# Life begins - delivery (no gore)



## Arkanjel Imaging (Sep 15, 2011)

My twin boys, Alexander and Logan, were delivered yesterday at 2 pm.  Both a little over 5 lbs.  My wife is my HERO. :hail:







special delivery-1 by Simon Rivers Photography, on Flickr







Da boys! by Simon Rivers Photography, on Flickr

More later...


----------



## StringThing (Sep 15, 2011)

A hearty congratulations to you!  Those are two beautiful boys.


----------



## cnutco (Sep 15, 2011)

Congratulations!

Go ahead and buy everything that you plan to buy and that you can afford now, right now, because your fun time buying is over!


----------



## Josh66 (Sep 15, 2011)

Congrats!!



cnutco said:


> Go ahead and buy everything that you plan to buy and that you can afford now, right now, because your fun time buying is over!


Damn right...


----------



## Arkanjel Imaging (Sep 15, 2011)

cnutco said:


> Congratulations!
> 
> Go ahead and buy everything that you plan to buy and that you can afford now, right now, because your fun time buying is over!



Oh, I did that last month.  Nik 24-70 and an RRS tripod/head.  So I guess thats it :sigh:

But so much subject material now!


----------



## Josh66 (Sep 15, 2011)

You do know that a new baby is the perfect excuse for a new lens, right?  Twins ... that should be worth at least a new body...

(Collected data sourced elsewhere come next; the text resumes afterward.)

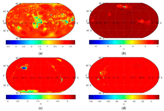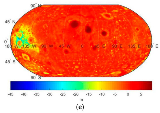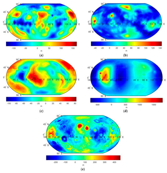Except for some more detailed features, the global quasigeoid patterns on Mercury, Venus, Earth, Mars and the Moon (Figure 2) very closely agree with the geoid patterns on these planetary bodies as presented in Reference [9]. The quasigeoid undulations on Mercury are spatially correlated with major topographic features, having negative values typically in lowlands and positive values in elevated regions (Figure 2a). In addition, the signatures of impact craters could to some extent be recognized. The quasigeoid geometry on Venus is also largely modulated by major topographic features with negative values typically in lowlands. The largest positive values mark the locations of the Alta and Betta Regios volcanic regions and the elevated region of Ishtar Terra (Figure 2b). A prevailing long-wavelength pattern of the quasigeoid geometry on Earth is mainly controlled by deep mantle density heterogeneities (Figure 2c). On Mars, the largest (positive) quasigeoid undulations are in the Tharsis volcanic region with additional localized modifications by the largest volcanic rises of Olympus, Ascraeus, Arsia and Pavonis Mons (Figure 2d). The largest negative values are along the Valles Marineris rift valleys. Large quasigeoid undulations on the Moon are closely spatially correlated with the topography shaped mainly by impact craters (Figure 2e), with the most pronounced maxima in Imbrium and Serenitatis. The largest negative values, on the other hand, mark the locations of the Orientale and South Pole–Aitken impact craters.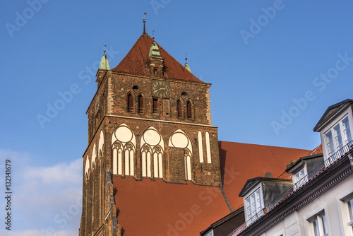 Fototapeta premium Germany, Greifswald: Steeple of the Lutheran St. Marien church (St.-Marien-Kirche).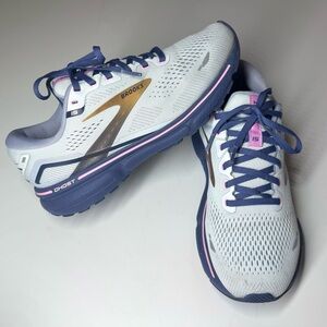 Sleek Brooks athletic shoes for women. Gray with blue and pink accents. Ideal for running.

You _do_ have to get all kinds of baby pictures now...


----------



## PhotoTish (Sep 15, 2011)

Wow! Congratulations :thumbup:


----------



## Trever1t (Sep 15, 2011)

a double congrats man....are these your firsts? that sounds funny huh? Oh man, you haven't fully lived until now!


----------



## Arkanjel Imaging (Sep 15, 2011)

Trever1t said:


> a double congrats man....are these your firsts? that sounds funny huh? Oh man, you haven't fully lived until now!



Yep, our first.  And they are going to be the only grandchildren on either side of the family.  Im an only child and wifes sister cant have them.  So super spoilage for the twins!


----------



## SensePhoto (Sep 15, 2011)

Awesome, congrats!


----------



## mishele (Sep 15, 2011)

Congrats babe!!!! I can't wait to see all the amazing pictures of these 2 guys you are going to take!!! So what are the little guy's names?!!


----------



## subscuck (Sep 15, 2011)

Congrats! Video would have been better. Then we could have heard her calling you every name in the book, swearing to god "Little Elvis's" days of playing in the rain were over, etc., etc. Or maybe that was just just my ex-wife...


----------



## mishele (Sep 15, 2011)

Drugs these days stop you from yelling all that stuff!!          Hmmmmm drugs!!


----------



## Arkanjel Imaging (Sep 16, 2011)

All natural delivery folks.  No drugs.  No yelling, no cursing me, not any of that.  After active labor started she had them both out within an hour (10 mins apart!) Pre-labor was about 13 hours.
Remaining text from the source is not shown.